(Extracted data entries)
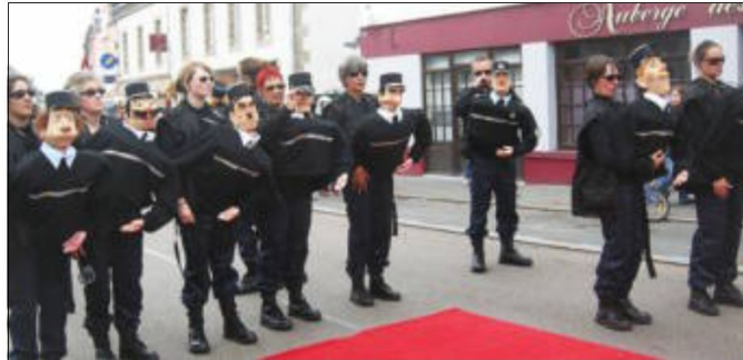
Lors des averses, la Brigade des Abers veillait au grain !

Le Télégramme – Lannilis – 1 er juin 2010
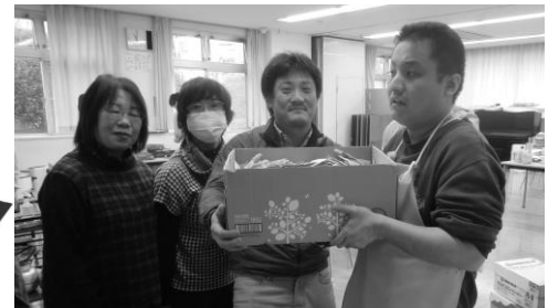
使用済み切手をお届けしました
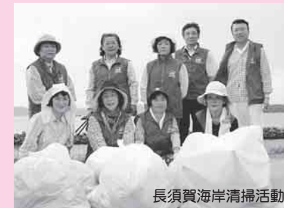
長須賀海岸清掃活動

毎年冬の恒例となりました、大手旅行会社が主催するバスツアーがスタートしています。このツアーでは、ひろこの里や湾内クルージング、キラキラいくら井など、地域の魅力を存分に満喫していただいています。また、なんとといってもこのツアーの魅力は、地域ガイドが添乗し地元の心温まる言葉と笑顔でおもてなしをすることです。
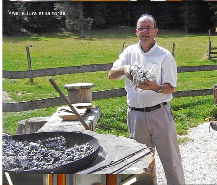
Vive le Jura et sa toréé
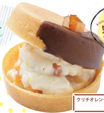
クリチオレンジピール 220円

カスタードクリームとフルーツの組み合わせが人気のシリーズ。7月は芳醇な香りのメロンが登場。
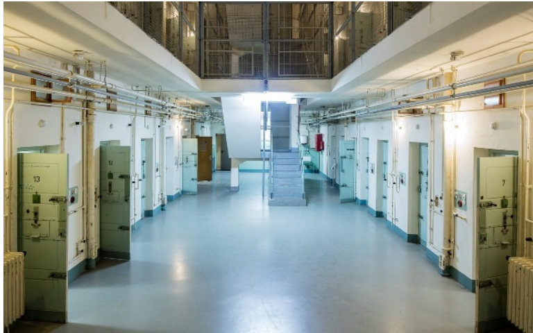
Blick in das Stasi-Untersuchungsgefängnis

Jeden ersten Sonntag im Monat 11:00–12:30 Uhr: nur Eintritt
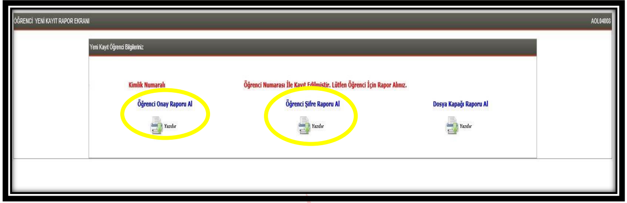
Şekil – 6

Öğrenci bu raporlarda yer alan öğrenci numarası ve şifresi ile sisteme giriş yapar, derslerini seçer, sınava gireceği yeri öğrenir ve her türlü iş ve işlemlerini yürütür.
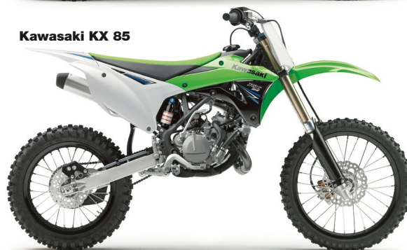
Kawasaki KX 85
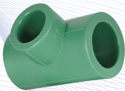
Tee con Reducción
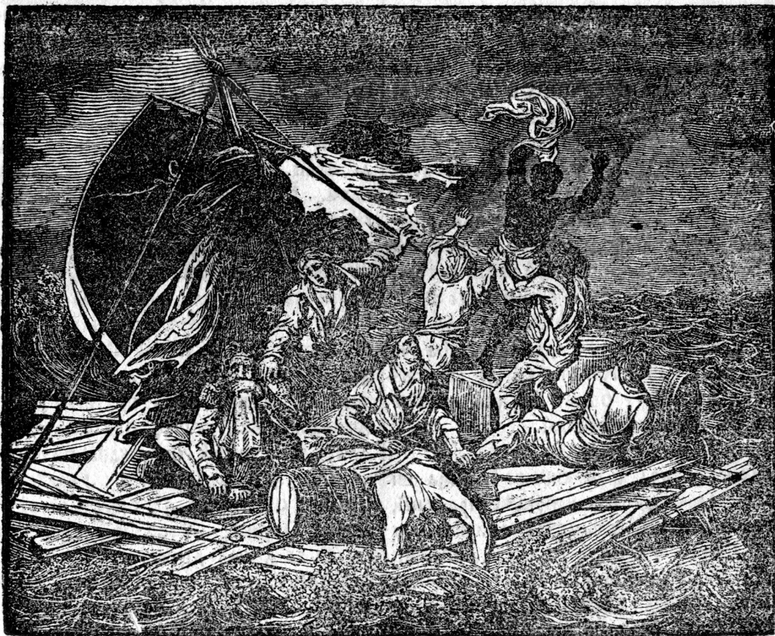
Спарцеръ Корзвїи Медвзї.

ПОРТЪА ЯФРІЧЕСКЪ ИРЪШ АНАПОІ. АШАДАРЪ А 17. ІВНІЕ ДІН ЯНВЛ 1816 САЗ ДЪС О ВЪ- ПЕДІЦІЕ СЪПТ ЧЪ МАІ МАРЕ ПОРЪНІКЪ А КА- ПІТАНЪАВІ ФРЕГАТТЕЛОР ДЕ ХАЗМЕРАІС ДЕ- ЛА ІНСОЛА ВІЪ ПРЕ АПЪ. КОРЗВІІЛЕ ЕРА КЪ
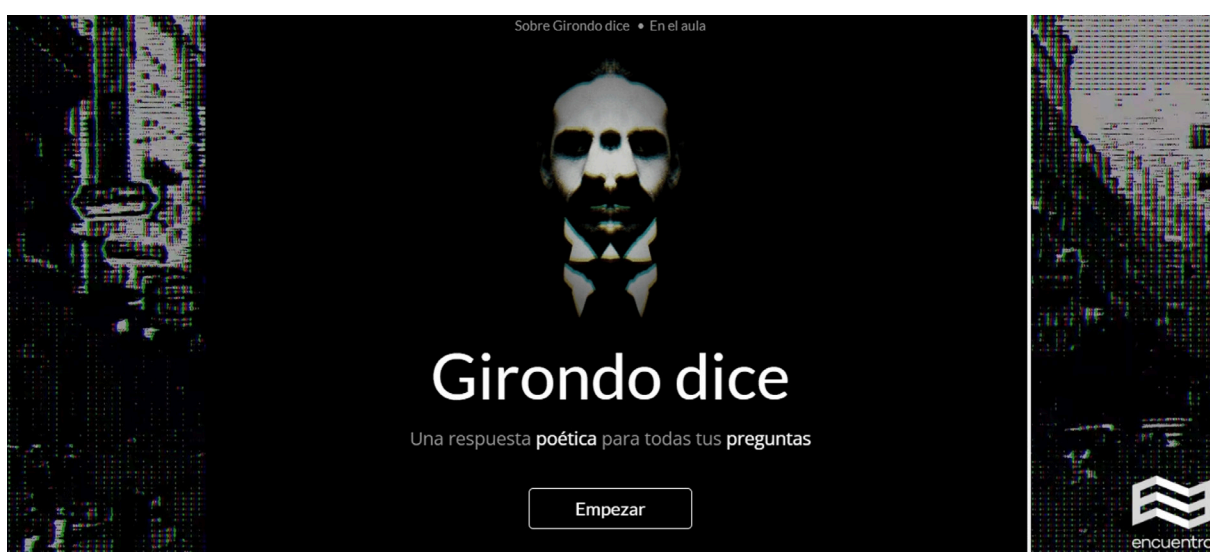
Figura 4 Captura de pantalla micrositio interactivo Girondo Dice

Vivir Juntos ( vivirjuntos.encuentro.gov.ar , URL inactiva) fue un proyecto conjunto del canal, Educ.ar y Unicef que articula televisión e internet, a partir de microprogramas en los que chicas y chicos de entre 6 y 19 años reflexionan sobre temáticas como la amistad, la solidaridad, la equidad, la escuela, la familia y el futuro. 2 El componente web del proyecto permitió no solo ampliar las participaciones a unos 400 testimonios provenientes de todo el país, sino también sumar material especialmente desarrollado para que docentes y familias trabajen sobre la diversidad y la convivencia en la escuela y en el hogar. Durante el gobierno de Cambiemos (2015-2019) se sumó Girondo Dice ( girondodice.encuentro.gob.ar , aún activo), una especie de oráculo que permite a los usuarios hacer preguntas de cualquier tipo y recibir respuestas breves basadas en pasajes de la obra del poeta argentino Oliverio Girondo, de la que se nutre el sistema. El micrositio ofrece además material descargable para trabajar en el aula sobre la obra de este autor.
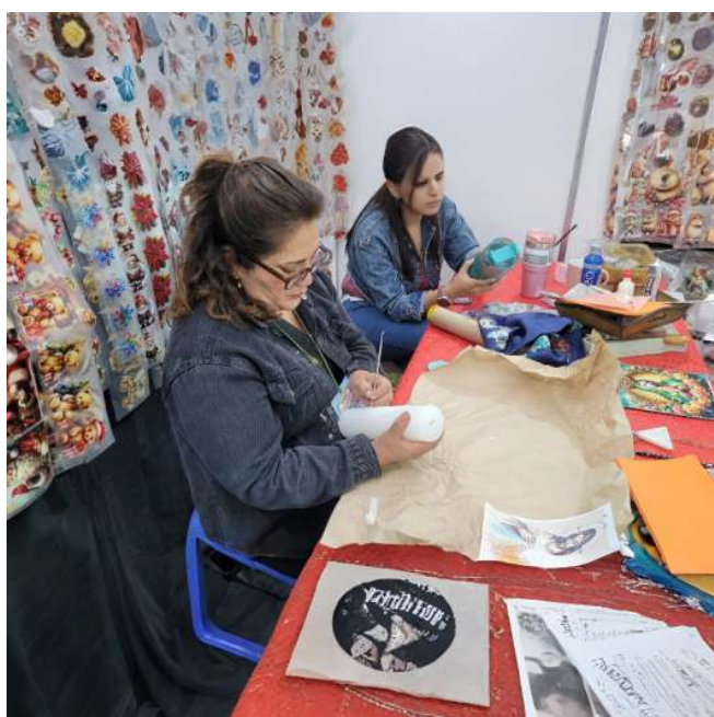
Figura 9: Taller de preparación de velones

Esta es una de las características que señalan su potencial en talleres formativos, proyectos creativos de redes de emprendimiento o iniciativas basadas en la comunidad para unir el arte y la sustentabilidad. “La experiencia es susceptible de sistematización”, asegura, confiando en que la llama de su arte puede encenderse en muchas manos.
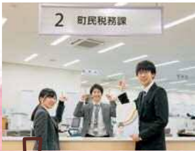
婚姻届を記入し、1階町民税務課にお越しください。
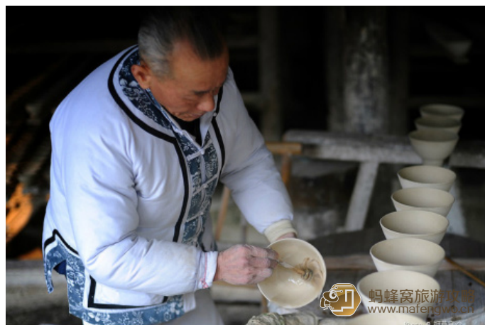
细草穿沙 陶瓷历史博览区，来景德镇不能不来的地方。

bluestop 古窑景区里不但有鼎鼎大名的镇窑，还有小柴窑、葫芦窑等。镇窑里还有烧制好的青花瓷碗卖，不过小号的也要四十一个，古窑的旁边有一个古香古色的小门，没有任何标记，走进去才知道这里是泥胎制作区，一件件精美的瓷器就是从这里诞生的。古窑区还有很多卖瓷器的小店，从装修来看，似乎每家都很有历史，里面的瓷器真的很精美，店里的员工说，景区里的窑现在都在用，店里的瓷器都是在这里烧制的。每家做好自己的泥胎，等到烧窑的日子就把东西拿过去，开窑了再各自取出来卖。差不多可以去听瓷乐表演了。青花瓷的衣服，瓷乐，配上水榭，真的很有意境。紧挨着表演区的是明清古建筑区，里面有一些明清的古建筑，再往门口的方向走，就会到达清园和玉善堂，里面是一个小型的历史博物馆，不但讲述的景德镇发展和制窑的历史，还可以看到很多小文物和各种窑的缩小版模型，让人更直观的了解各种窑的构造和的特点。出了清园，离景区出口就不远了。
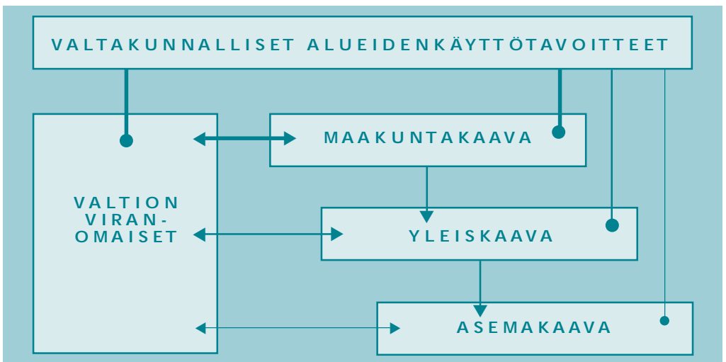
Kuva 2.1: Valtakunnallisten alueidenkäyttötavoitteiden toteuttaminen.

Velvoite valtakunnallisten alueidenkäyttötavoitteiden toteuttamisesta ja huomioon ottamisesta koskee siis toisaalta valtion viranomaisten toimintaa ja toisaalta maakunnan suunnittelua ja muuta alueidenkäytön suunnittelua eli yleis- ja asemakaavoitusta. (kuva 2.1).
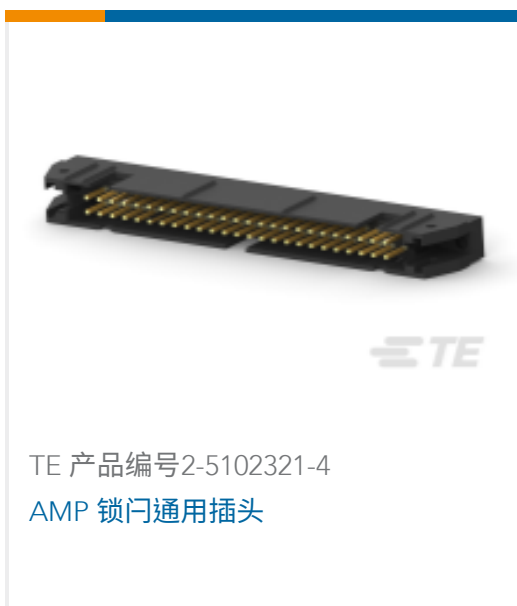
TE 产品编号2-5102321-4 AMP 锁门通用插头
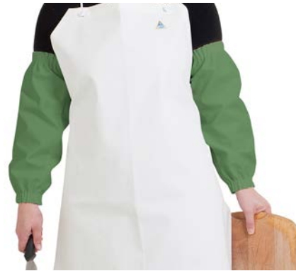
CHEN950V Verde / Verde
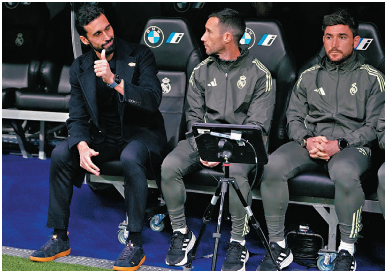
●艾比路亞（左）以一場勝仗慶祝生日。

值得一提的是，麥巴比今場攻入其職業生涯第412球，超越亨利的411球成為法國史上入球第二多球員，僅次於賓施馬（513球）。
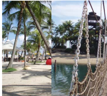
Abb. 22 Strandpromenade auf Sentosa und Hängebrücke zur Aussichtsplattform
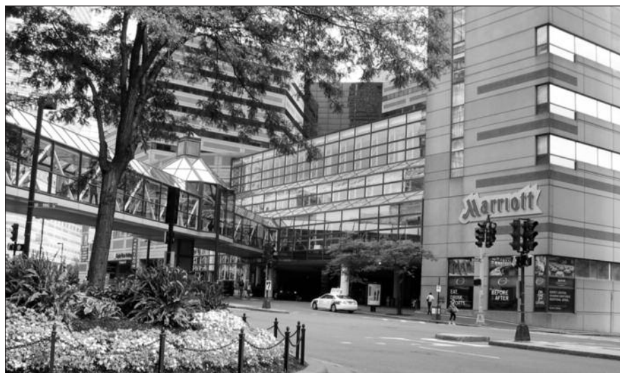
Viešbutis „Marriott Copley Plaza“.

■ What to produce:
No picture is to be printed. Output exactly the lines above from the line containing "毎年冬の恒例となりました、大" through the line containing "Figura 4 Captura".

■ Exercise output:
毎年冬の恒例となりました、大手旅行会社が主催するバスツアーがスタートしています。このツアーでは、ひろこの里や湾内クルージング、キラキラいくら井など、地域の魅力を存分に満喫していただいています。また、なんとといってもこのツアーの魅力は、地域ガイドが添乗し地元の心温まる言葉と笑顔でおもてなしをすることです。
Vive le Jura et sa toréé
クリチオレンジピール 220円

カスタードクリームとフルーツの組み合わせが人気のシリーズ。7月は芳醇な香りのメロンが登場。
Blick in das Stasi-Untersuchungsgefängnis

Jeden ersten Sonntag im Monat 11:00–12:30 Uhr: nur Eintritt
Şekil – 6

Öğrenci bu raporlarda yer alan öğrenci numarası ve şifresi ile sisteme giriş yapar, derslerini seçer, sınava gireceği yeri öğrenir ve her türlü iş ve işlemlerini yürütür.
Kawasaki KX 85
Tee con Reducción
Спарцеръ Корзвїи Медвзї.

ПОРТЪА ЯФРІЧЕСКЪ ИРЪШ АНАПОІ. АШАДАРЪ А 17. ІВНІЕ ДІН ЯНВЛ 1816 САЗ ДЪС О ВЪ- ПЕДІЦІЕ СЪПТ ЧЪ МАІ МАРЕ ПОРЪНІКЪ А КА- ПІТАНЪАВІ ФРЕГАТТЕЛОР ДЕ ХАЗМЕРАІС ДЕ- ЛА ІНСОЛА ВІЪ ПРЕ АПЪ. КОРЗВІІЛЕ ЕРА КЪ
Figura 4 Captura de pantalla micrositio interactivo Girondo Dice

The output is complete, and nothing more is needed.